To the dismay of some, Andreas Buser does not find much ground to hope for a renaissance of a broad push towards a “New International Economic Order” (NIEO). Rather, it seems that the BRICS powers are arguing primarily for incremental changes. They make their voices heard on specific positions where they might diverge from Western and Northern powers, but none of the four states under analysis argues for a complete overhaul of the global economic order. In particular, the book shows that there is little common ground between the four powers, formally united under the guise of BRICS, which might not be entirely surprising given how different the actors of, say, China and South Africa, are. Accordingly, the impact that this grouping may have on the future of international economic law may very well be limited.
The book is replete with interesting findings and insights, however. It provides a lot of nuance and texture to the practice of the four states under analysis. I found particularly revealing the changing and increasingly assertive role of India towards the field of international investment protection. And the analysis of the participation of China in forms of international dispute settlement put to rest popular clichés on cultural reservations of China towards this form of engagement on the international level.

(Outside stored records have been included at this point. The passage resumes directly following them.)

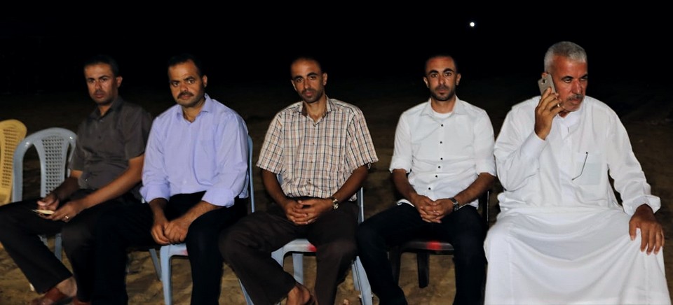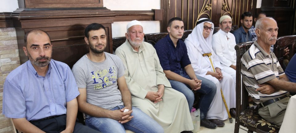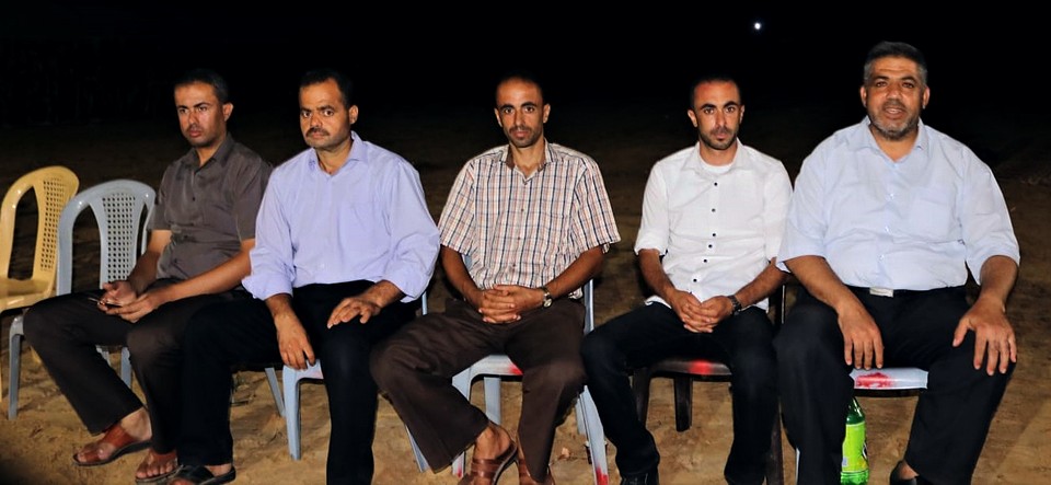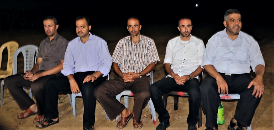 أ. محمد رشاد(زوج شقيقة العريس)، الحاج أبو غسان، والد العريس، العريس، والد العروس، أ. محمد جميل، أ. محمد عدنان (شقيق العريس)
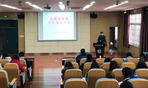 本网讯 3月3日下午,外国语学院学生骨干大会在外语楼502教室召开。学院党委副书记黄庆华、院两办老师和全体学生骨干等参加了此次会议。
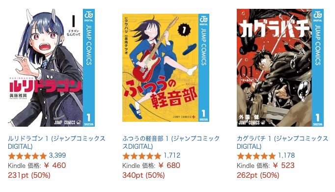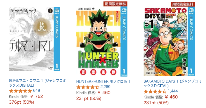 滅多にやってこないジャンプ系とか半額(還元)
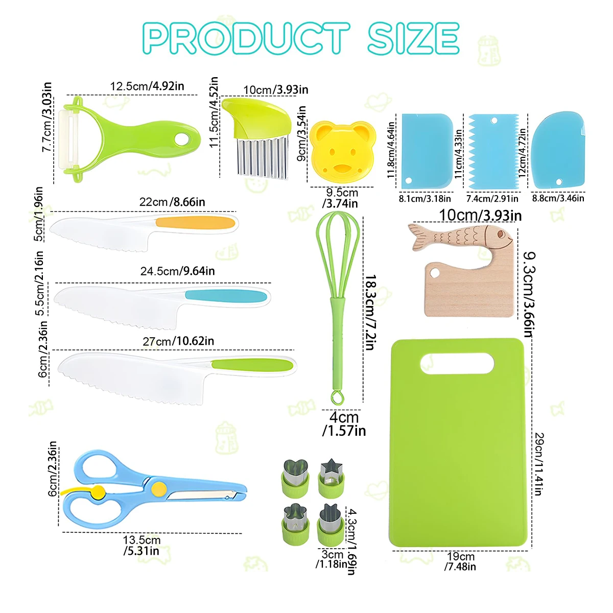 Complete 18-Piece Cooking Set: The set includes 18 different kitchen tools, including kid-safe knives, a cutting board,
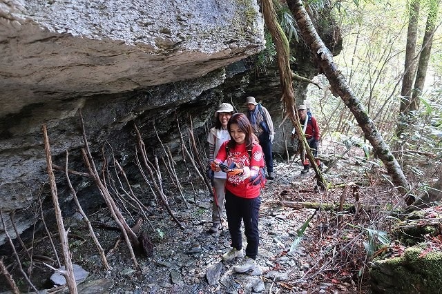 洞窟前の岩場も全員無事に降り、さらに先へと進んで行きます。
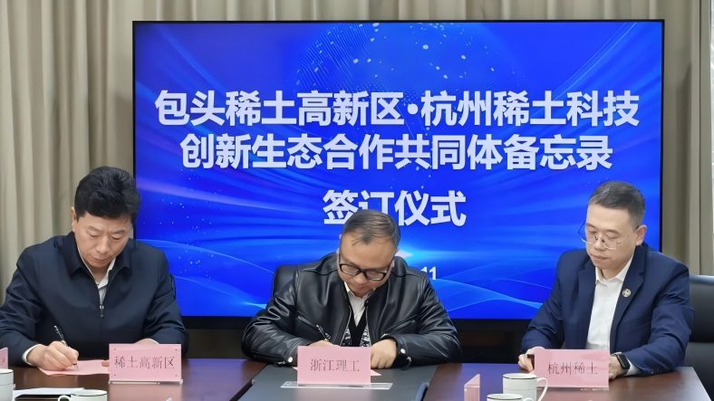 11日,首场活动在杭州启幕。活动现场,稀土高新区与杭州包钢稀土科技发展有限责任公司达成战略合作。双方共同与杭州市余杭区科学技术局明确“稀土+人工智能”和“稀土+新材料”科技创新合作方向,与中国稀土行业协会稀土金属及合金分会、浙江清华长三角研究院杭州分院、浙江理工大学稀土研究中心、浙江旭烨资产管理有限公司和杭州新集智机电有限公司签订《包头稀土高新区・杭州稀土科技创新生态合作共同体备忘录》。备忘录创新提出“1+3+N”双向赋能模式——以合作中心为核心枢纽,搭建“稀土+创新创业大赛”“稀土+‘双招双引’联络驿站”“稀土+合作共同体”三大支撑平台,将持续汇聚N个人才、成果与项目资源。
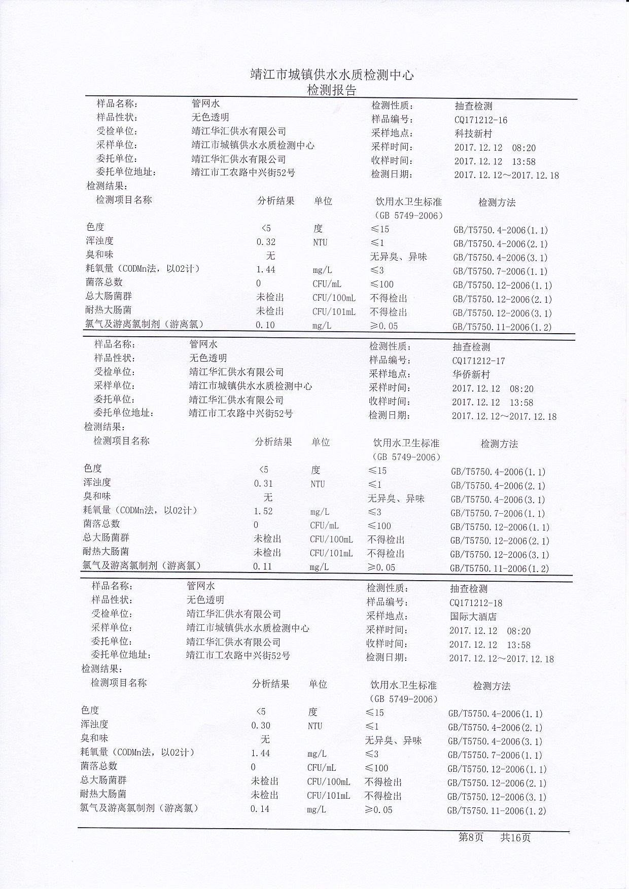 信息来源:华汇供水 ‖ 发稿作者:水质检验部 ‖ 发布时间:2018年2月6日 ‖ 查看2288次 ‖

The book provides for much food for thought – both with respect to the analysis of the practice of the four powers under analysis as well as with respect to its more general analytical framework. Here, I am looking forward in particular to exchanges on Andreas Buser’s conceptualization of power – a notoriously difficult notion for international lawyers – as well as his understanding of global justice, a framework which he conceives mostly through the prism of international human rights law. In the light of recent debates about the limits of international human rights law, with a most prominent claim that it is simply “not enough” (Samuel Moyn), this understanding of global justice can prove to be controversial. Regardless of whether or not one believes that human rights offer the appropriate framework for claims of global justice with respect to the global economic order, it is indispensable to think through these issues also in the terms of international human rights law, if only for the reason to interpret international economic law not in “clinical isolation” but with due regard to the principle of systemic integration under Article 31(3)(c) of the Vienna Convention on the Law of Treaties.
In the coming days, a distinguished group of commentators will participate in this book debate. The commentators have been approached with a view to ensuring that also scholars and practitioners from the four emerging powers under analysis will engage with the work of Andreas Buser. Accordingly, Professor Mohsen al Attar (University of the West Indies), Professor Congyan Cai (Fudan University), Henrique Choer-Moraes (Brazilian Ministry of Foreign Affairs), Anna Hankings-Evans (Associate with Alexander&Partner, Berlin), Professor James Nedumpara (Jindal Global Law School and Centre for Trade and Investment Law, Delhi) as well as Professor Engela Schlemmer (University of Witwatersrand) will offer comments on the book. Finally, Andreas Buser will wrap up the debate with a reply to the commentators. Let the debate begin!